Starting solids for your little one can be a time filled with questions, concerns and preconceived ideas about “the right way” to introduce these foods. In this bog, I will address some common myths surrounding a baby’s first foods and hopefully I can calm your worries.

Get ready for a mess!

Get ready to take some adorable photos!

Get ready for this new milestone - the first of many!

Myth #1:

Veggies first.

I hear this all of the time. Parents believe that they must feed veggies first to avoid the baby only wanting fruits. While it is true, most babies (and adults) will prefer sweeter foods, there is no research to suggest giving veggies first is beneficial. I recommend giving whatever you want first. Avocados, pears, peas, applesauce (raviolis? just kidding) are good starting points. Offer a variety of tastes/ food groups/colors in no particular order.
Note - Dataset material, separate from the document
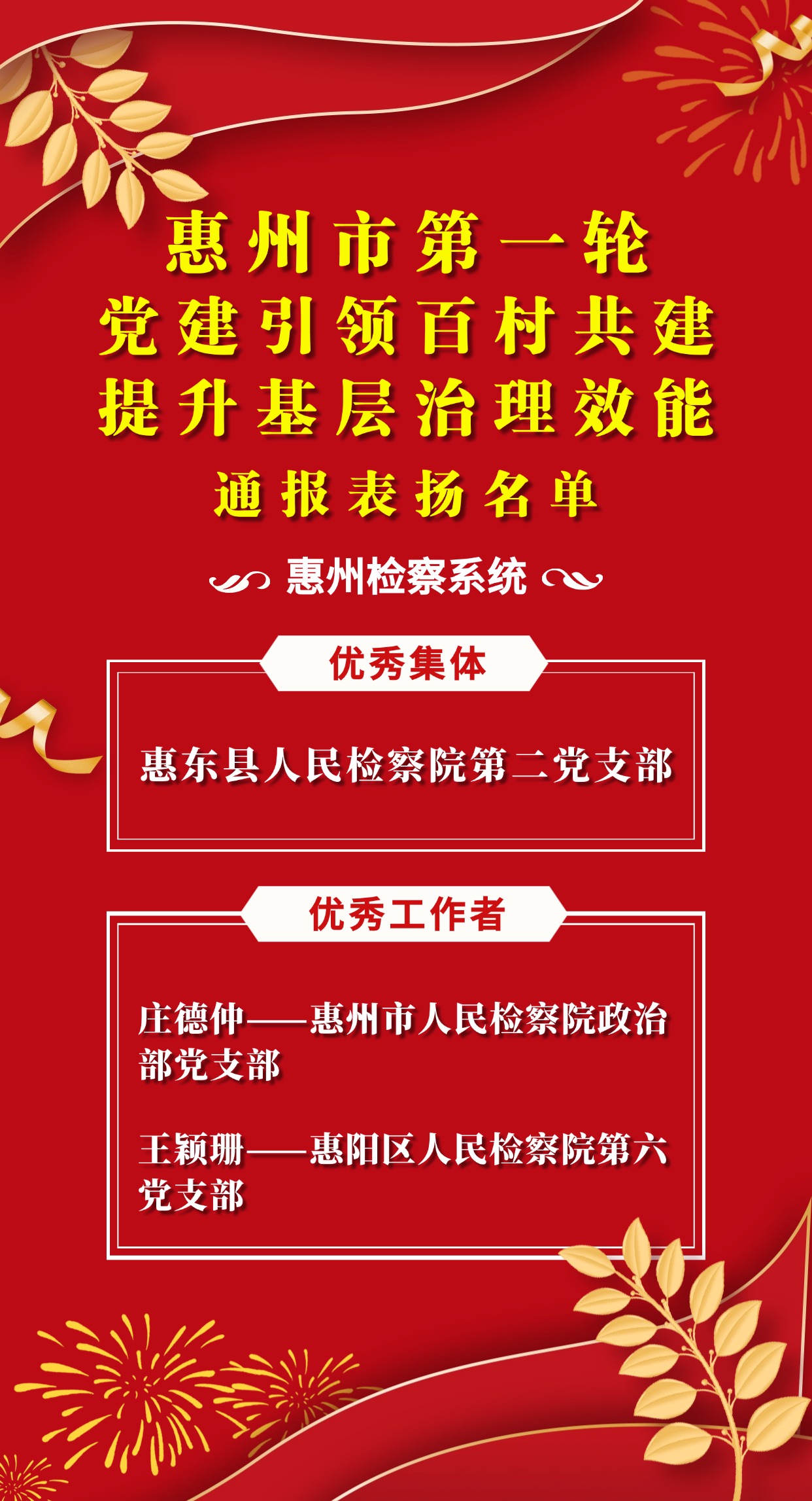 近日,惠州市委组织部、市委政法委联合印发决定,通报表扬惠州市第一轮“党建引领百村共建 提升基层治理效能”优秀集体和优秀工作者,其中惠东县人民检察院第二党支部荣获“优秀集体”称号,2名检察干警因兼任结对村党组织副书记成效显著被评为“优秀工作者”。

You can start with rice….or oatmeal or barley. You can mix pears with oatmeal. Enjoy it! Remember your baby’s stomach is small (between the size of a kiwi and an orange) so no need to fill an entire bowl with cereal. Start with about two tablespoons.

Myth #2:

Starting solids early will help the baby sleep through the night.

Eating solid food is a developmental milestone and should not play a role in sleep goals. Seriously, if this was true, I would have given my 6 week olds a pureed, 5 course meal! Most babies are simply not ready before 4 months of age. They need to have good head control and the tongue thrust reflex must be gone. This is a normal human response to something placed in the mouth - tongue thrusts outward. This usually disappears at 4-6 months which is why we recommend waiting until then to practice with solids. Practice is just what it is at first. The baby needs to figure out how to get the food off the spoon, get the food from the front to the back of the mouth and then swallow. Be realistic with this new experience and be patient. It may even take a few weeks to get your baby eating regular meals. No worries as there main source of calories is from their formula or breastmilk. They do however need some supplemental food at 6 months to prevent vitamin deficiencies (mainly iron and zinc)especially if exclusively breastfed). Always get the ok from one of us that your little is ready for solids and ask us any questions that may come up. We are always here and willing to help.

Myth #3:

Infants cannot have dairy, nuts or any spices.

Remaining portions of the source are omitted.